Максим поглядел на стену, где были в несколько рядов пришпилены его и Михаиловы фотокарточки. Вот тут жизнь позамысловатее! Как лектор-экскурсовод где-нибудь в музее, вечером показывал он и объяснял их Фене. На всех карточках Максим и Михаил сняты вместе. Это значит — друзья навек.

Вот, например, школьный поход в Ленинград. Они двое стоят в обнимку на перилах моста через Неву. Мост не простой, знаменитый, под ним когда-то пролетел Валерий Чкалов. Сниматься стоя на перилах, когда свистит милиционер, тоже подвиг. Было это в седьмом классе.

3

Куржак сеялся такой же, как ночью, и так же дымился текучей наледью Ингут. Прибрежные кусты и деревья совсем обросли длинноиглистой мохнатой кухтой. Сухие плети дикого хмеля казались гигантскими канатами, протянутыми через дорогу, тяжелыми и грозными, но когда Феня набегала на них, — они рушились с тихим шелестом и обращались в маленькие горстки невесомых ледяных блесток.

Нет, нет, кроме как по мосту, через Ингут нигде не перебраться! И нужно выбирать только: идти ли в обход, к развилке от старой дороги на Покукуй, или махнуть напрямую через Каменную падь. Да-а, вот какая получается теперь арифметика… Всего бы ей пути до рейда чуть-чуть побольше десяти километров. Если бы она перешла Ингут у домика, где живут «эти», получилось бы около восемнадцати километров. Если она пройдет к мосту через Каменную падь, наберется уже до тридцати. А с обходом и все сорок пять. Дуга вытягивается все больше и больше! Решай, девушка!

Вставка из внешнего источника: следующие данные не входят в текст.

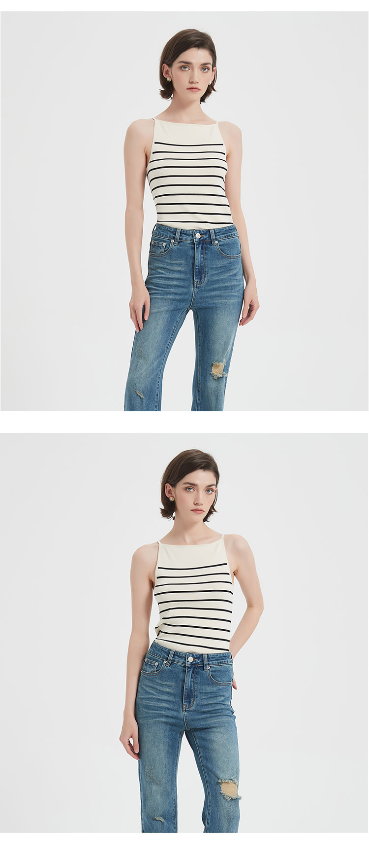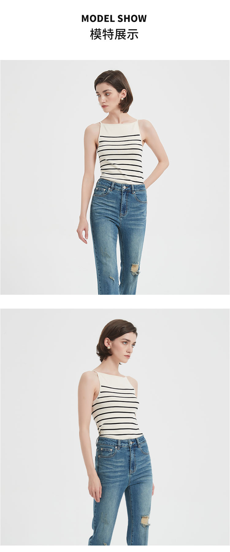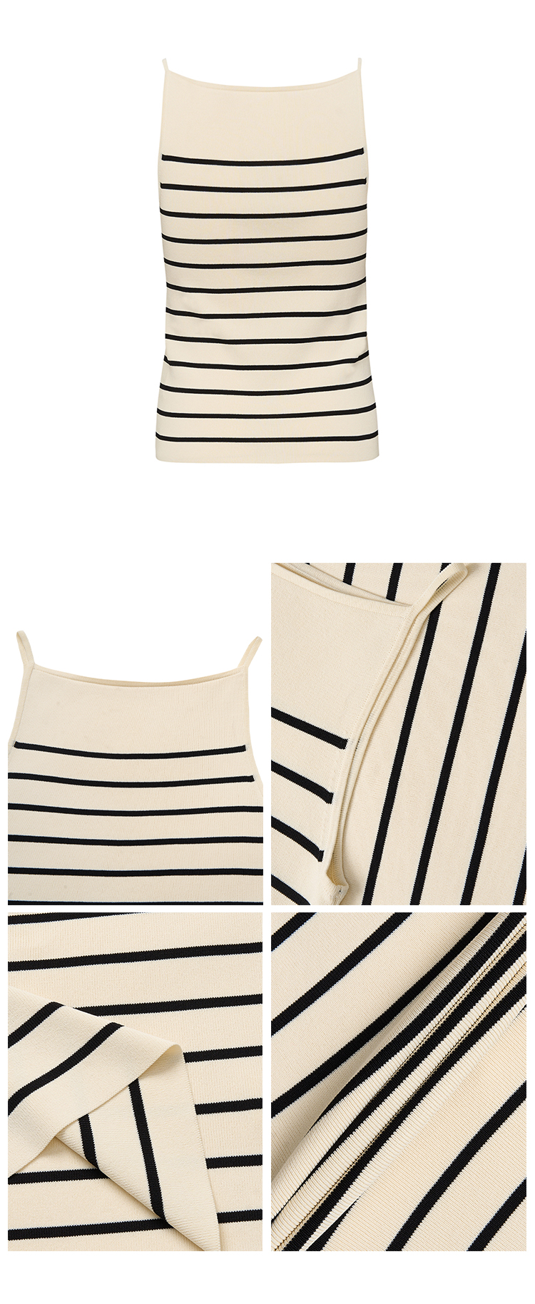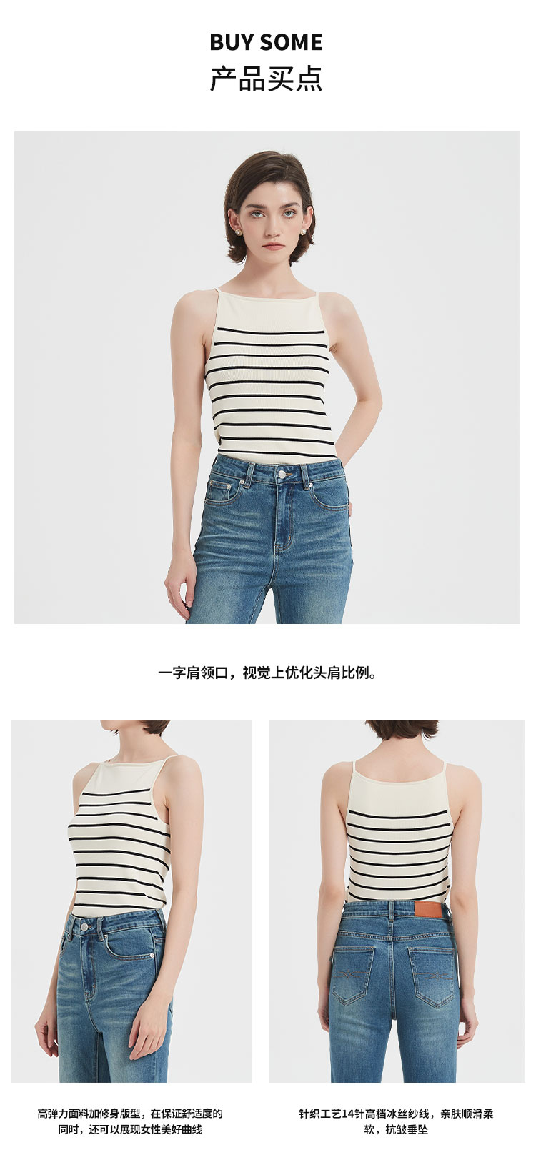 【2件9折】【Petit Bari】简约条纹一字肩针织吊带上衣

По дороге идти куда легче, но ведь и лишних ни много ни мало, а целых пятнадцать километров. «Этот» говорил: «Через Каменную падь, кто не знает пути, не пройдет». Кто же еще тогда знает, если не она! Правда, зимой не часто случалось здесь хаживать, а летом сто раз все кручи излазаны: все камни, все тропы знакомы. Трудные тропы. А зимой их и вовсе нет. Но чего ей бояться? «Федосье на тонких ножках»… Феня презрительно усмехнулась и повернула в глубь тайги, к Каменной пади.

Ей было тепло, хотя мороз ни капельки не стал меньше. Она славно разогрелась на быстром ходу. А к тому же ее жгло еще и яростное возмущение кличкой, которую так свысока и небрежно дал ей Михаил. Зачем и зачем только зашла она в этот дом! Измаялась, правда, вчера она здорово, но все же куда приятнее было бы всю ночь шагать по морозной тайге одной, чем так вот переночевать в тепле с «этими». И в слова «эти», «этот» Феня вкладывала всю ненависть, на какую только была способна, — лютую ненависть к Михаилу.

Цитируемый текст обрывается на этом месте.